* Assignment: Pictures excluded, output the lines of the data below between the one holding "8,138 | 1404/05/30 |" and the one holding "Alemania – 1937", inclusive, exactly as they stand.

* Material for the task:
::::

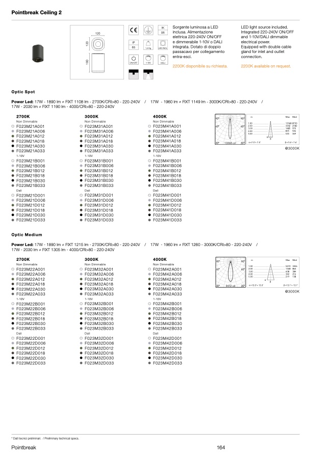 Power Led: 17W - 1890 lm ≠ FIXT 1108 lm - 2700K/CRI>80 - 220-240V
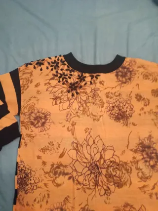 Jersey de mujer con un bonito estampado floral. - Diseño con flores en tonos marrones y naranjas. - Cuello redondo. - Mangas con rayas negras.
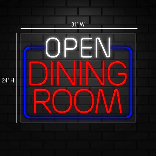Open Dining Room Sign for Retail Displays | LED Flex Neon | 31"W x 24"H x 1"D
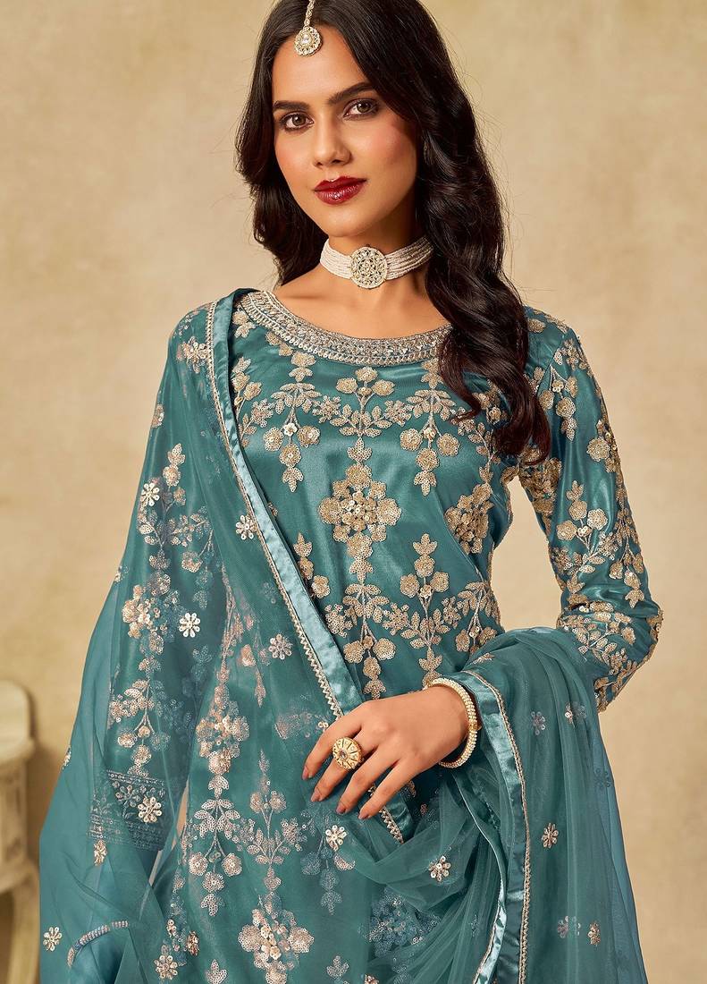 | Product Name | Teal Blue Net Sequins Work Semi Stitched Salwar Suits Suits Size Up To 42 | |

::::

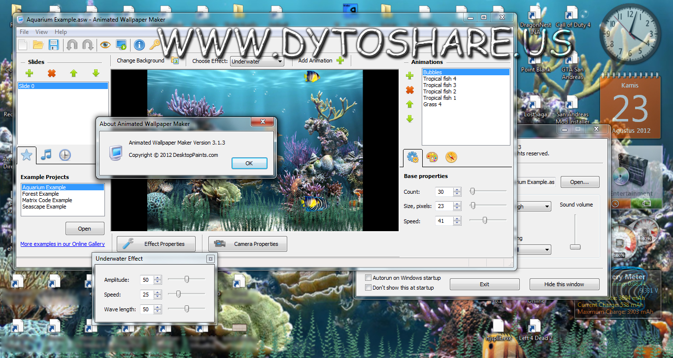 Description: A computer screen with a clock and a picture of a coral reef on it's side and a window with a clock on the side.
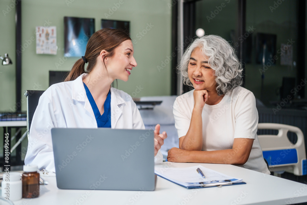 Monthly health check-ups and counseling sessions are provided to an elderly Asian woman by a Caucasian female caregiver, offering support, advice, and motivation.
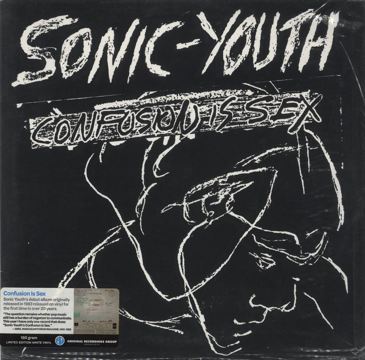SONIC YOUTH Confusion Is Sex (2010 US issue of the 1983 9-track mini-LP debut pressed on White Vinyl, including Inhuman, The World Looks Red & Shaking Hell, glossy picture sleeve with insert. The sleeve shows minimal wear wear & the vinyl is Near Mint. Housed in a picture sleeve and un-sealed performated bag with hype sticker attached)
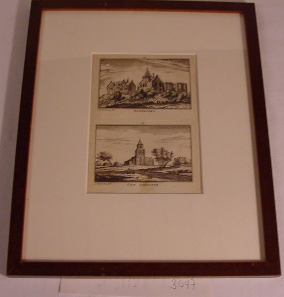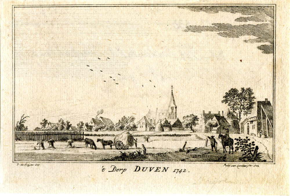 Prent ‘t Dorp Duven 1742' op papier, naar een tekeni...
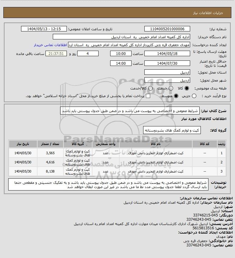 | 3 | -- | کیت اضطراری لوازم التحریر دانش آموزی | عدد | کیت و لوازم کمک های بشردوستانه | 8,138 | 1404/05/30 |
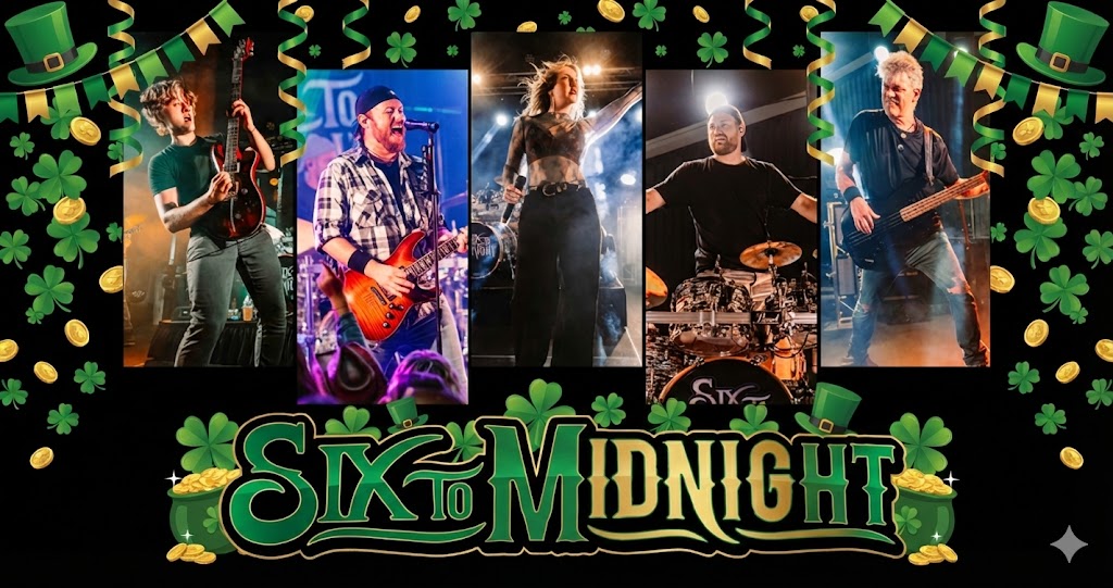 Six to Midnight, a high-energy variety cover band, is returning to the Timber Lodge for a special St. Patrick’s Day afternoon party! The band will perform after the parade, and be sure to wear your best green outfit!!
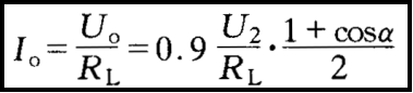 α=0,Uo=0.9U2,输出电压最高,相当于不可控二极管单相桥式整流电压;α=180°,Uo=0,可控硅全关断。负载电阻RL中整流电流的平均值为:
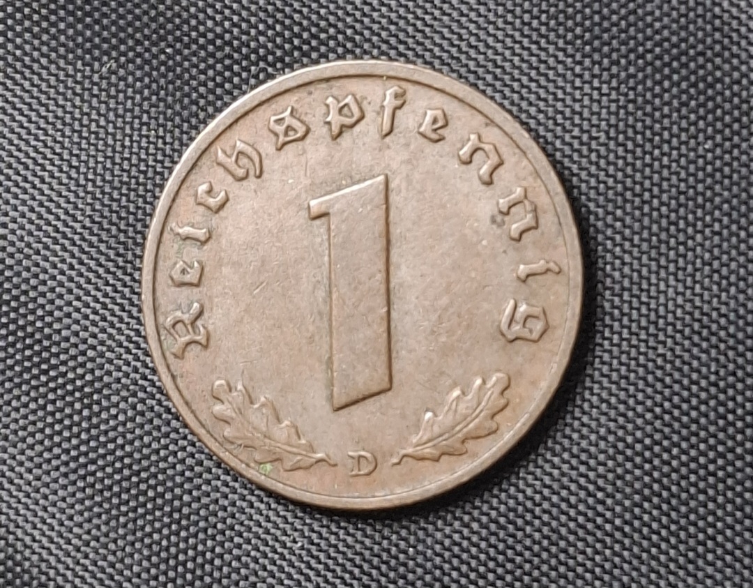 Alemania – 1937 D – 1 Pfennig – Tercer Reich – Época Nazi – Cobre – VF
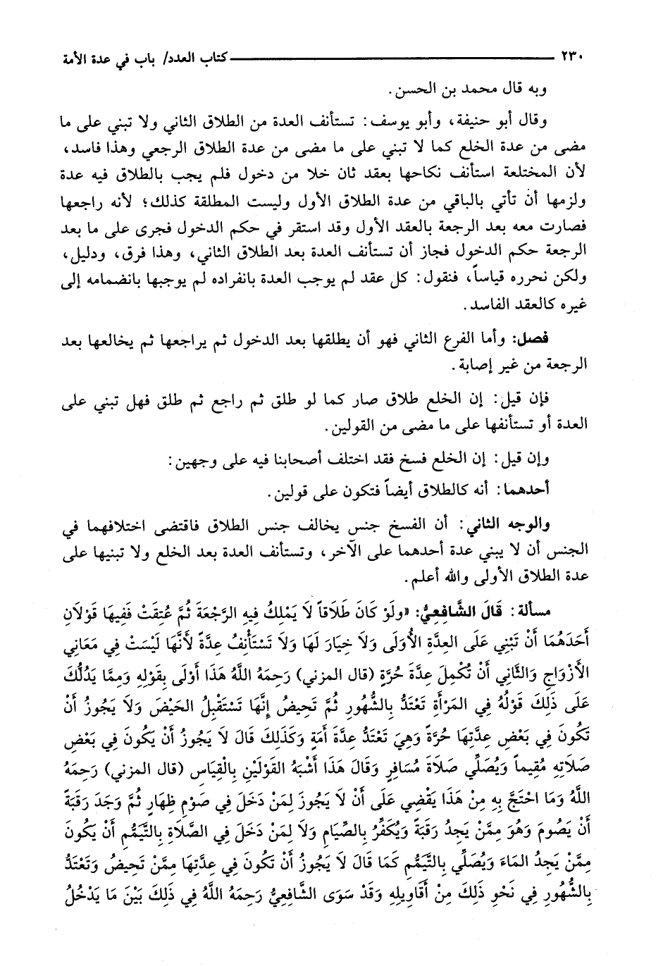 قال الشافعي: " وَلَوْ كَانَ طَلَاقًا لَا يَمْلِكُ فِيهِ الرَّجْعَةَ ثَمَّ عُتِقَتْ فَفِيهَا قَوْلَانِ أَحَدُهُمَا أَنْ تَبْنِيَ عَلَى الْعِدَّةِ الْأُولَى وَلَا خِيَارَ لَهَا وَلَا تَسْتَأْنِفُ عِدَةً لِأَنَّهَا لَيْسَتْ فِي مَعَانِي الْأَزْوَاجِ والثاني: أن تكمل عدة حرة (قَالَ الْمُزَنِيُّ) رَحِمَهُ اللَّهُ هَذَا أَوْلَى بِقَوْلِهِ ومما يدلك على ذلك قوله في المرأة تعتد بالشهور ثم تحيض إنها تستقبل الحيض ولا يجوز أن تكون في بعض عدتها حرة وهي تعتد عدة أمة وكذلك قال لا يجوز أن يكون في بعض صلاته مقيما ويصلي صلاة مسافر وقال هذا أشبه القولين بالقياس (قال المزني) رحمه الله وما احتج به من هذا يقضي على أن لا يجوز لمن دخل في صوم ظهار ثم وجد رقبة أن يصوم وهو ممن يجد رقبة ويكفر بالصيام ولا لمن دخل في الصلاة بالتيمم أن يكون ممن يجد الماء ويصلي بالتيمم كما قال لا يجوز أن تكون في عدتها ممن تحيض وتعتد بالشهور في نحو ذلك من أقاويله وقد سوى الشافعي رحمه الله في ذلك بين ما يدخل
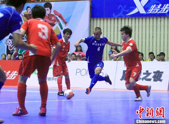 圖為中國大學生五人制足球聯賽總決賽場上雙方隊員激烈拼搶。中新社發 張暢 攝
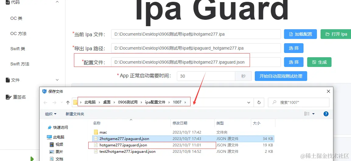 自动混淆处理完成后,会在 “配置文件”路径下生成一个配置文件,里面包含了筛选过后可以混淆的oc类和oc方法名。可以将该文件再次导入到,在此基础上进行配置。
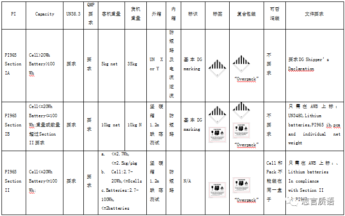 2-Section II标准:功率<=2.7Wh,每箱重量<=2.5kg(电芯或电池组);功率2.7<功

::::

* Solution below:
 | 3 | -- | کیت اضطراری لوازم التحریر دانش آموزی | عدد | کیت و لوازم کمک های بشردوستانه | 8,138 | 1404/05/30 |
 Six to Midnight, a high-energy variety cover band, is returning to the Timber Lodge for a special St. Patrick’s Day afternoon party! The band will perform after the parade, and be sure to wear your best green outfit!!
 α=0,Uo=0.9U2,输出电压最高,相当于不可控二极管单相桥式整流电压;α=180°,Uo=0,可控硅全关断。负载电阻RL中整流电流的平均值为:
 Alemania – 1937 D – 1 Pfennig – Tercer Reich – Época Nazi – Cobre – VF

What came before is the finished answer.